[WHAT THE TASK REQUIRES] Write out the lines below exactly, beginning at the one with "An outdoor sign" and stopping after the one with "إنقلاب شاحنة خمر، والشباب يستغل الفرصة"; the pictures are not copied.

[RECORDS PROVIDED]
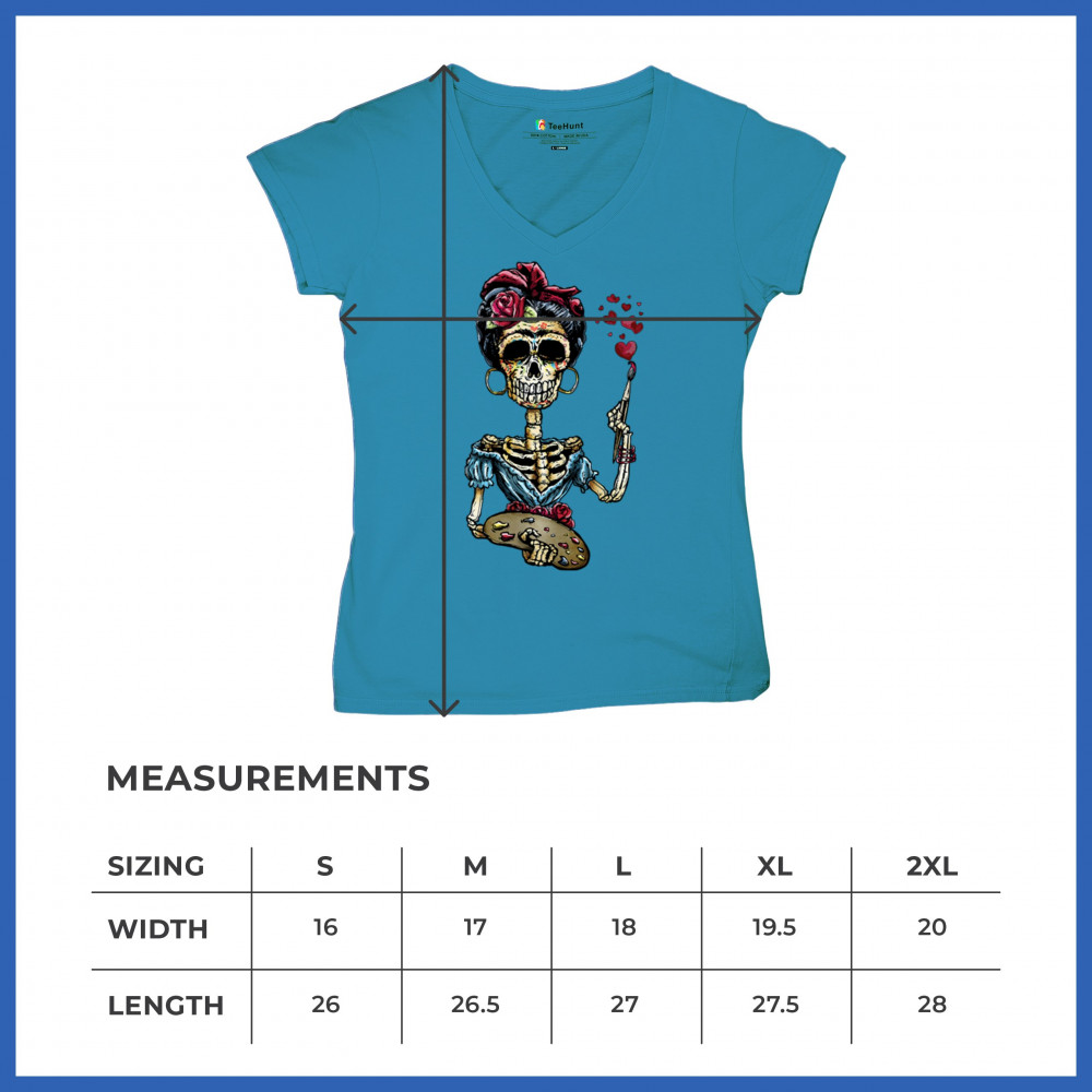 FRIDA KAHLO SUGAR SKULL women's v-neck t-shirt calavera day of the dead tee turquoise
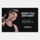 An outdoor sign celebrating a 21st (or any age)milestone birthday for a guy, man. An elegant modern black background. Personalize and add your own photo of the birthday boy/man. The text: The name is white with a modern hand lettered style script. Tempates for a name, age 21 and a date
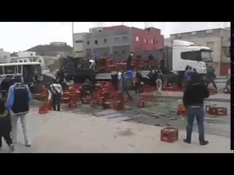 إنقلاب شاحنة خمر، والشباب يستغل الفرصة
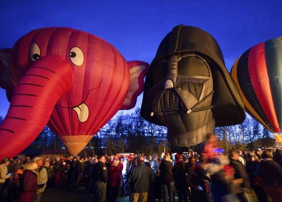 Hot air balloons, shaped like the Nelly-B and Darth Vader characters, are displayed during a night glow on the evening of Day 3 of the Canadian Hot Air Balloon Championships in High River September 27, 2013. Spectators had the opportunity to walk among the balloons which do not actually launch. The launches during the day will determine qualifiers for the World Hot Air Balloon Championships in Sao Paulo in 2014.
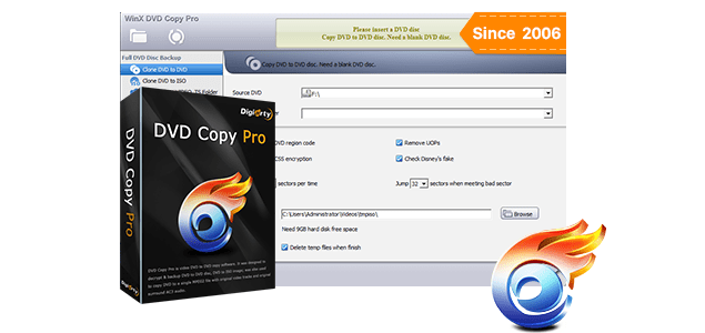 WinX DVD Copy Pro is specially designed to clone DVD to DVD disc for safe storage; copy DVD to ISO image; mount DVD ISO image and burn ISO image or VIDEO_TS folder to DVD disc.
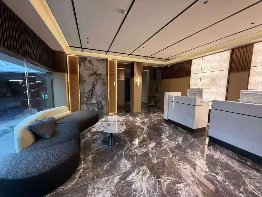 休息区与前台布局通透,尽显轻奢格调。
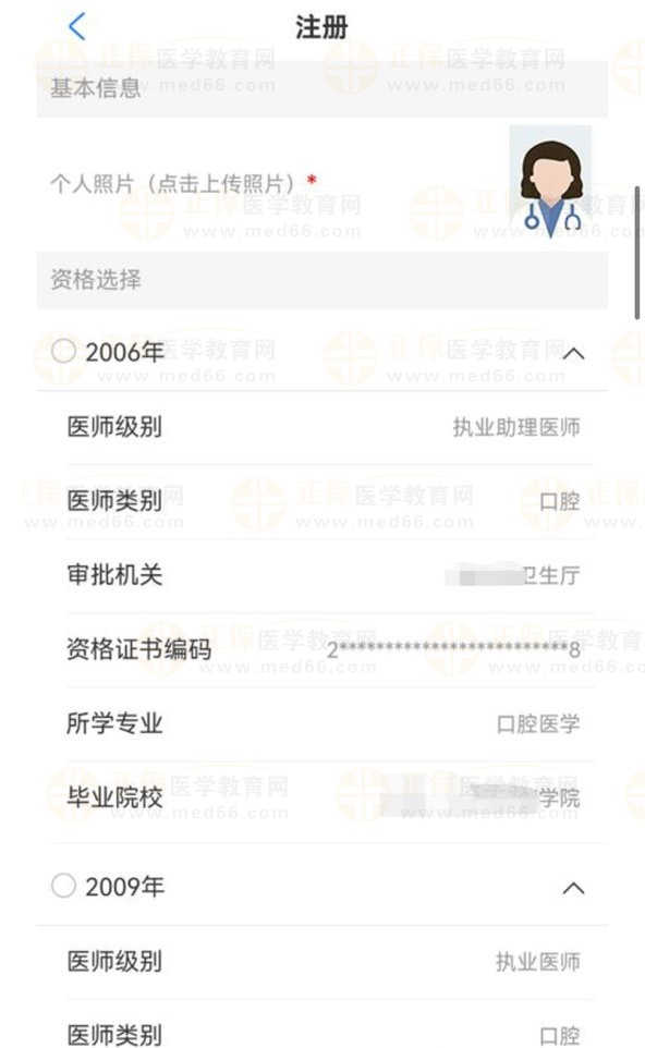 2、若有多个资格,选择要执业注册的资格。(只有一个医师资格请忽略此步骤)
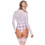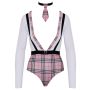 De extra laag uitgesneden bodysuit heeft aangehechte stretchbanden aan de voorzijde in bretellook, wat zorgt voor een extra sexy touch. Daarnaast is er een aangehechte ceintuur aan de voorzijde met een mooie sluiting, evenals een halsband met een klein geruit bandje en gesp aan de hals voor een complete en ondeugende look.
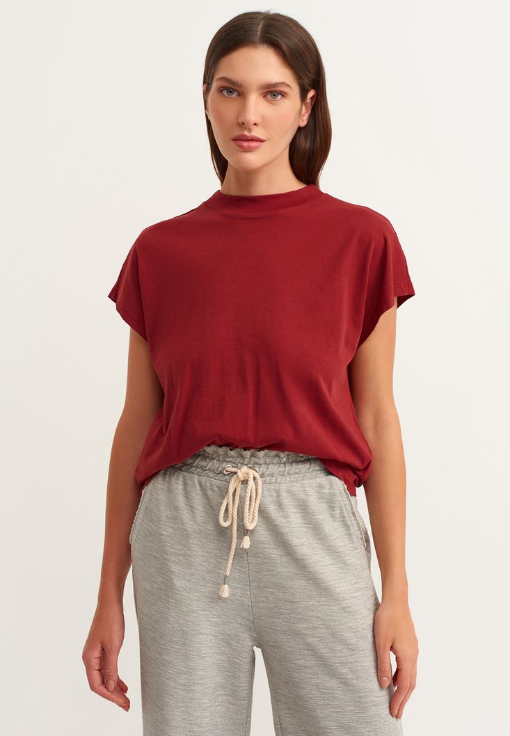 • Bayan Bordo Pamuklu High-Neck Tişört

[ANSWER TO THIS PROBLEM]
 An outdoor sign celebrating a 21st (or any age)milestone birthday for a guy, man. An elegant modern black background. Personalize and add your own photo of the birthday boy/man. The text: The name is white with a modern hand lettered style script. Tempates for a name, age 21 and a date
 إنقلاب شاحنة خمر، والشباب يستغل الفرصة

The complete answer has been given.